Immune Modulation of EPS from LAB and Bifidobacteria
Apart from the ecological relevance that EPS may have for the producing bacteria and their industrial applications, there is increasing evidence to suggest a role for bifido- and LAB-EPS in the interaction between producing bacteria and the (human) host, and, therefore, exerting an impact on human health. It has been claimed that some EPS reduce cholesterol levels, act as fermentable (prebiotic) substrates for intestinal microbiota and modulate the immune response [55]. However, it is well known that not all EPS are able to improve the technological properties of fermented foods [20] or to promote health benefits [2]. Therefore, the physicochemical characteristics of EPS must be the key parameters determining their biological and functional properties.

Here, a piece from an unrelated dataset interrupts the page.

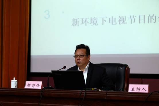 中国高校影视学会会长、教育部“长江学者”特聘教授、北京师范大学艺术与传媒学院院长胡智锋带来题为《新环境下中国电视的发展与创新空间》的主题报告,报告从“新环境”、“新环境下电视媒体的发展空间”以及“新环境下电视节目的创新空间”三个方面论述了当前中国电视的现状及未来发展方向。在“新环境”中胡智锋教授提到三个关键词:全球化、媒体融合、国家需求;接着,胡教授分析了“新环境下中国电视媒体的发展空间”,他总结了中国电视主流媒体总体面临的三大困境:受关注度下降、收入下降、人才外流,以及中国电视主流媒体的三大核心竞争力:信息发布的权威性、直播日常化和高端大制作;在三大劣势和三大优势下,胡教授指出电视媒体要有适应未来发展的能力,必须确定一个全新的理念,即三个主体的重构上:生产主体、传播主体和营销主体。在“新环境下电视媒体的发展空间”中,胡教授强调,中国电视节目要走新路,靠自己人打文化牌,去锻造和创造中国电视节目体系。

Several works in the literature report the ability of EPS synthesised by LAB and bifidobacteria to elicit immune responses (Table 2). In an attempt to correlate some physicochemical traits of EPS with their immune-modulating capability, we have detected two association patterns. First, it seems that acidic HePS, which are characterised as having phosphate (i.e. negative charge) in their composition, are good inducers of the immune response. This fact was illustrated by the HePS synthesised by LAB used as starters in the dairy food industry, such as the strain Lactococcus lactis subsp. cremoris KSV20 involved in the manufacture of the Scandinavian fermented milk viili. The viilian-HePS was able to induce the synthesis of IFNγ and IL-1α in mouse spleen macrophages cultivated in vitro [25]. The repeating unit of KSV20 HePS is a pentasaccharide composed of glucose–galactose–rhamnose in the ratio of 2:2:1, with the side chain α-d-galactopyranose substituted with PO4 − [42]. Similarly, Lb. delbrueckii subsp. bulgaricus OLL-1073-R1 synthesises an HePS composed of two fractions, acidic and neutral, both containing glucose and galactose (ratio 3:2) but the acid fraction additionally having 0.1 % PO4− [67]. The acid fraction was a strong inducer of proliferation and activity of different macrophages, whereas the neutral fraction was not able to elicit stimulation [26, 44]. Furthermore, the same authors have proved that phosphate was the molecule triggering the immune response, since the chemical dephosphorylation of this HePS encompasses a reduction in the stimulatory effect [26]. The relevant role of PO4 − in immune stimulation was also proven using the α-glucan HoPS (dextran) synthesised by Leuconostoc mesenteroides as a model. When dextran was chemically phosphorylated, the proliferation of lymphocyte subsets from the murine spleen, as well as the gene expression of IFNγ and IL-10, directly augmented with the phosphate content [61].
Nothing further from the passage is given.